The ASOF JOIN selects the latest row in latest_prices whose ordering key is ≤ the current event’s key — effectively “last price before this log”.

Fork rollback

ClickHouse is non-transactional. Use CollapsingMergeTree with a sign column: insert sign = 1 rows on the way forward and sign = -1 rows to cancel them on rollback. Your onRollback handler computes which blocks to cancel and inserts the negating rows.

Show Complete example — DEX liquidity tracking

See pipes-sqdgn-dex-example/pipes/evm/liquidity/liquidity.sql for a full production SQL schema: liquidity_events_raw as the base table, CollapsingMergeTree for rollback, AggregatingMergeTree + argMaxState for current pool balances, an ASOF JOIN MV for V4 liquidity, and separate V2/V3/V4 MV chains targeting balances_history.

C. SQLite transformer

Keep transformer state in a local SQLite database. The transformer reads and writes SQLite; the downstream target (typically ClickHouse) receives the pre-computed rows. When to use:

State is too large for RAM.
You need random-access lookups (e.g., “current balance of address X”) that would be slow as a linear scan of in-RAM arrays.
You’re not using Postgres as your target (otherwise see approach D for better atomicity).
The indexer runs on persistent infrastructure (SQLite file must survive restarts).

When not to use:

The indexer runs on ephemeral infrastructure (containers, spot VMs). SQLite is lost on restart.
State requires complex analytical SQL (window functions, multi-table joins) — consider DuckDB as a drop-in alternative with full analytical query support.

The delta table pattern

SQLite and the downstream target commit separately — a crash between them leaves the two out of sync. A balance_deltas table records the net change per address per block, allowing rollbackTo(blockNumber) to invert any set of blocks atomically:

// Schema
db.exec(`
  CREATE TABLE IF NOT EXISTS balance_deltas (
    address      TEXT    NOT NULL,
    block_number INTEGER NOT NULL,
    delta        TEXT    NOT NULL,
    PRIMARY KEY (address, block_number)
  )
`)

function rollbackTo(blockNumber: number) {
  db.transaction(() => {
    const deltas = db.prepare('SELECT address, delta FROM balance_deltas WHERE block_number > ?').all(blockNumber)
    const net = new Map<string, bigint>()
    for (const { address, delta } of deltas) net.set(address, (net.get(address) ?? 0n) + BigInt(delta))
    for (const [address, delta] of net) {
      const { balance } = db.prepare('SELECT balance FROM balances WHERE address = ?').get(address) as any
      db.prepare('INSERT INTO balances (address, balance) VALUES (?, ?) ON CONFLICT(address) DO UPDATE SET balance = excluded.balance')
        .run(address, (BigInt(balance) - delta).toString())
    }
    db.prepare('DELETE FROM balance_deltas WHERE block_number > ?').run(blockNumber)
    db.prepare('DELETE FROM processed_blocks WHERE block_number > ?').run(blockNumber)
  })()
}

Crash recovery in start()

Compare the SQLite high-water mark with the pipeline cursor.
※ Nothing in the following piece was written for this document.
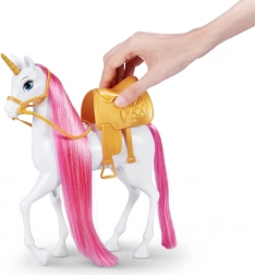 Biely jednorožec so zlatým sedlom a ružovou hrivou aj chvostom pozýva k česaniu a stylingu – ideálne na rozvoj kreativity.

If SQLite is ahead, roll back to match:

start: async ({ state }) => {
  const sqliteLastBlock  = db.prepare('SELECT MAX(block_number) as m FROM processed_blocks').get().m ?? null
  const pipelineLastBlock = state.current?.number ?? null

  if (sqliteLastBlock !== null && (pipelineLastBlock === null || sqliteLastBlock > pipelineLastBlock)) {
    rollbackTo(pipelineLastBlock ?? -1)  // SQLite crashed ahead of cursor — roll back
  } else if (sqliteLastBlock !== pipelineLastBlock) {
    throw new Error(`State mismatch: SQLite=${sqliteLastBlock}, cursor=${pipelineLastBlock}. Delete the SQLite file to rebuild.`)
  }
}

Historical-only variant

If you’re indexing only finalized data and will never see forks, drop the delta table and accept that a crash requires rebuilding from scratch:

start: async ({ state }) => {
  if (sqliteLastBlock !== pipelineLastBlock) {
    throw new Error(`Delete ${SQLITE_DB_PATH} to rebuild.`)
  }
}

Show Complete examples

09.stateful-transform-on-sqlite.example.ts — full delta-table implementation with fork and crash recovery
10.stateful-transform-on-sqlite-no-forks.example.ts — simpler historical-only variant

D. Postgres/Drizzle target

When your target is already Postgres, the drizzleTarget can commit transformer state and output rows inside the same serializable transaction as the cursor save. This gives the strongest atomicity guarantees of any approach: a crash between transform() and the cursor save is impossible because both commit together. When to use:

Postgres is your output target.
You want zero crash recovery code (atomicity handles it automatically).
Fork rollback should be automatic (drizzleTarget installs snapshot triggers).

When not to use:

Your target is ClickHouse or another non-Postgres database.
State is too large for Postgres (rare).

The WriteQueue / initQueue pattern

Multiple stateful transformers all need to write inside the same transaction. The WriteQueue collects their write closures; initQueue wraps each batch in a Piped<T> with a fresh queue; onData flushes everything:

class WriteQueue {
  private ops: Array<(tx: Transaction) => Promise<void>> = []
  push(op: (tx: Transaction) => Promise<void>): void { this.ops.push(op) }
  async flush(tx: Transaction): Promise<void> { for (const op of this.ops) await op(tx) }
}

function initQueue<T>() {
  return createTransformer<T, Piped<T>>({
    transform: (data) => ({ payload: data, writes: new WriteQueue() }),
  })
}

// Pipeline:
stream
  .pipe(initQueue<DecodedBatch>())
  .pipe(transformerA(db))
  .pipe(transformerB(db))
  .pipeTo(drizzleTarget({
    db,
    tables: [tableA, tableB],
    onData: async ({ tx, data }) => { await data.writes.flush(tx) },
  }))

onData stays a one-liner regardless of how many transformers are chained.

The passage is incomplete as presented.